The one important religious value in the world is hunger and to all the men to-day who are contributing to the process of moving on hungers; whether the hungers happen to be our hungers or not or our stages of hunger or not, we say Godspeed.

There are times when the sudden sense one comes to have that the world is a struggle, a great prayer toward the sun, a tumult and groping of desire, the sense that every kind and type of desire has its time and its place in it and every kind and type of man, gives a whole new meaning to life.  This sense of a now possible toleration which we come to have, some of us, opens up to us always when it comes a new world of courage about people.  It makes all these dear, clumsy people about us suddenly mean something.  It makes them all suddenly belong somewhere.  They become, as by a kind of miracle, bathed in a new light, wrong-headed, intolerable though they be, one still sees them flowing out into the great endless stream of becoming-all these dots of the vast desire, all these queer, funny, struggling little sons of God!

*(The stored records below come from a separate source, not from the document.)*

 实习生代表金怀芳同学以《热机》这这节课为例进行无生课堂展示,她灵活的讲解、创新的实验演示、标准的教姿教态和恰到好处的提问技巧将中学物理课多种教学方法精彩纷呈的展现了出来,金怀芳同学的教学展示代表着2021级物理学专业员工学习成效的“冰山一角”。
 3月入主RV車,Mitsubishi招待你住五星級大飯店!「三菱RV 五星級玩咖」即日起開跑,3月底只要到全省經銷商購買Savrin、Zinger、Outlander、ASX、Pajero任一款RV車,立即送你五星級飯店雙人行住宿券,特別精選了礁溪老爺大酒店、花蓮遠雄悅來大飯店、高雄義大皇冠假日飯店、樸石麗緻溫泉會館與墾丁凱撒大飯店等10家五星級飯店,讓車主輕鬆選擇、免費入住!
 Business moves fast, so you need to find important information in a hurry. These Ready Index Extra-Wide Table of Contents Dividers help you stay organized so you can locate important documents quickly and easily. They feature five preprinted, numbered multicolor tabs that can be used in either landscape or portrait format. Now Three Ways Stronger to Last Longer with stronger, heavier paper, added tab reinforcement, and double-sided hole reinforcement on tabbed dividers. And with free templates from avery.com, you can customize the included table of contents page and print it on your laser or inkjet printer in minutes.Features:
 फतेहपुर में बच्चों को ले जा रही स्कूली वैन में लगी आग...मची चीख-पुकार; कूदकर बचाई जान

It has been overlooked that social reform primarily is not a matter of legislation or of industrial or political systems, or of machinery, but a matter, of psychology, of insight into human nature and of expert reading and interpretation of the minds of men.  What are they thinking about?  What do they think they want?

The trades unions and employers’ associations, extreme socialists and extreme Tories have so far been very bad psychologists.  If the Single Tax people were as good at being intuitionalists or idea-salesmen as they are at being philosophers in ideas they would long before this have turned everything their way.  They would have begun with people’s hungers and worked out from them.  They would have listened to people to find out what their hungers were.  The people who will stop being theoretical and logical about each other and who will look hard into each other’s eyes will be the people whose ideas will first come to pass.  Everything we try to do or say or bring to pass in England or America is going to begin after this, not in talking, but in listening.  If social reformers and industrial leaders had been good listeners, the social deadlock-England with its House of Lords and railroads both on strike and America with its great industries quarrelling-would have been arranged for and got out of the way over twenty years ago.

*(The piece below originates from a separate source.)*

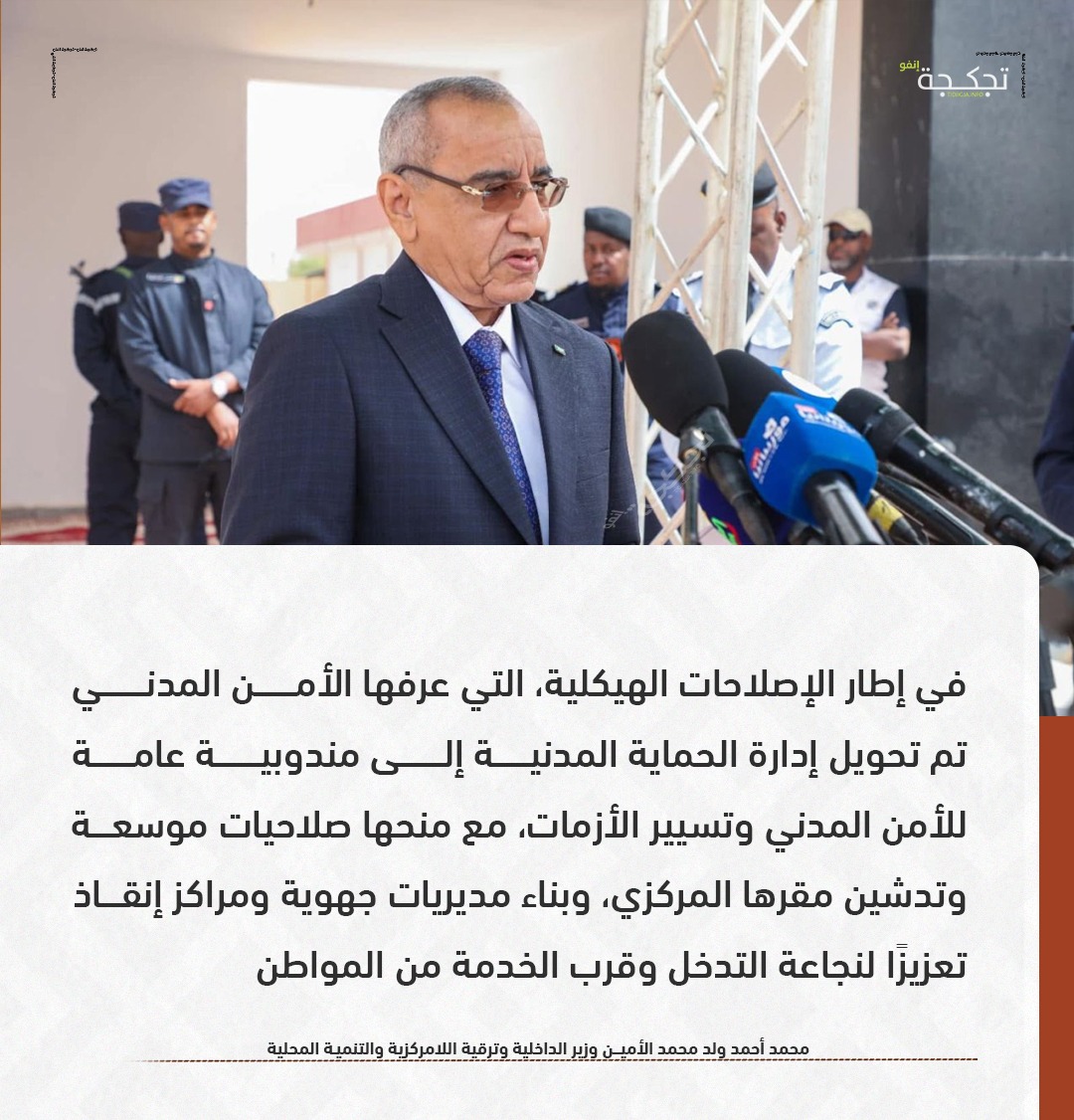 قال وزير الداخلية وترقية اللامركزية والتنمية المحلية، محمد أحمد ولد محمد الأمين، إنه تم تحويل إدارة الحماية المدنية إلى مندوبية عامة للأمن المدني وتسيير الأزمات صمن إطار الإصلاحات الهيكلية، التي عرفها الأمن المدني.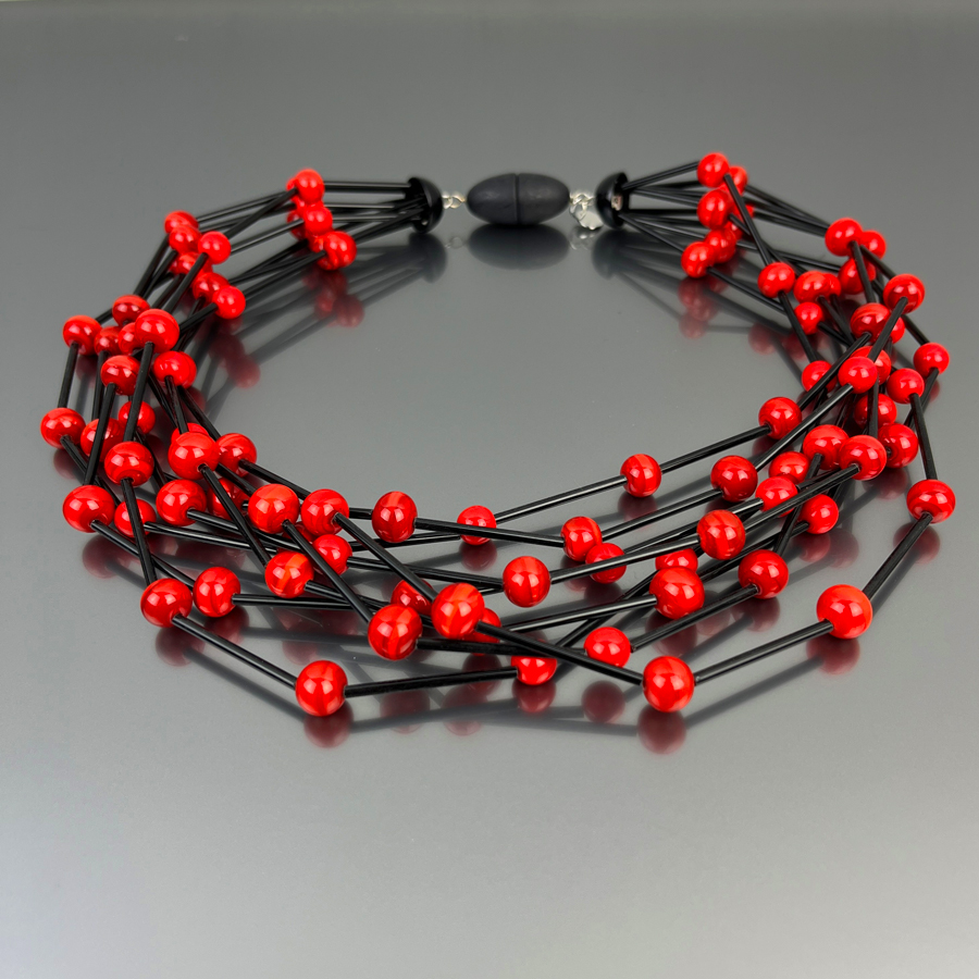 The colored glass beads are handmade with the lampwork glass technique typical of the island of Murano.

We have overlooked the first step of industrial reform, the rather extreme step of listening.  The most hard-headed and conclusive man to settle any given industrial difficulty is the man who has the gift of divining what is going on in other people’s minds, a gift for being human, a gift for treating everybody who disagrees with him as if they might possibly be human too, though they are very poor, even though they are very rich.  Practical psychology has come to be not only the only solution but also the only method of our modern industrial questions.  Being so human that one can guess what any possible human being would think is the one hard-headed and practical way to meet the modern labour problem.

The first symptom of being human in a man is his range and power of shrewd, happy toleration, or courage for people who know as little now as he knew once.

A man’s sense of toleration is based primarily upon the range and power of his knowledge of himself, upon his power of remembering and anticipating himself, upon his laughing with God at himself, upon his habit in darkness, weariness or despair, or in silent victory and joy, of falling on his knees.

Toleration is reverence.  It is the first source of courage for other people.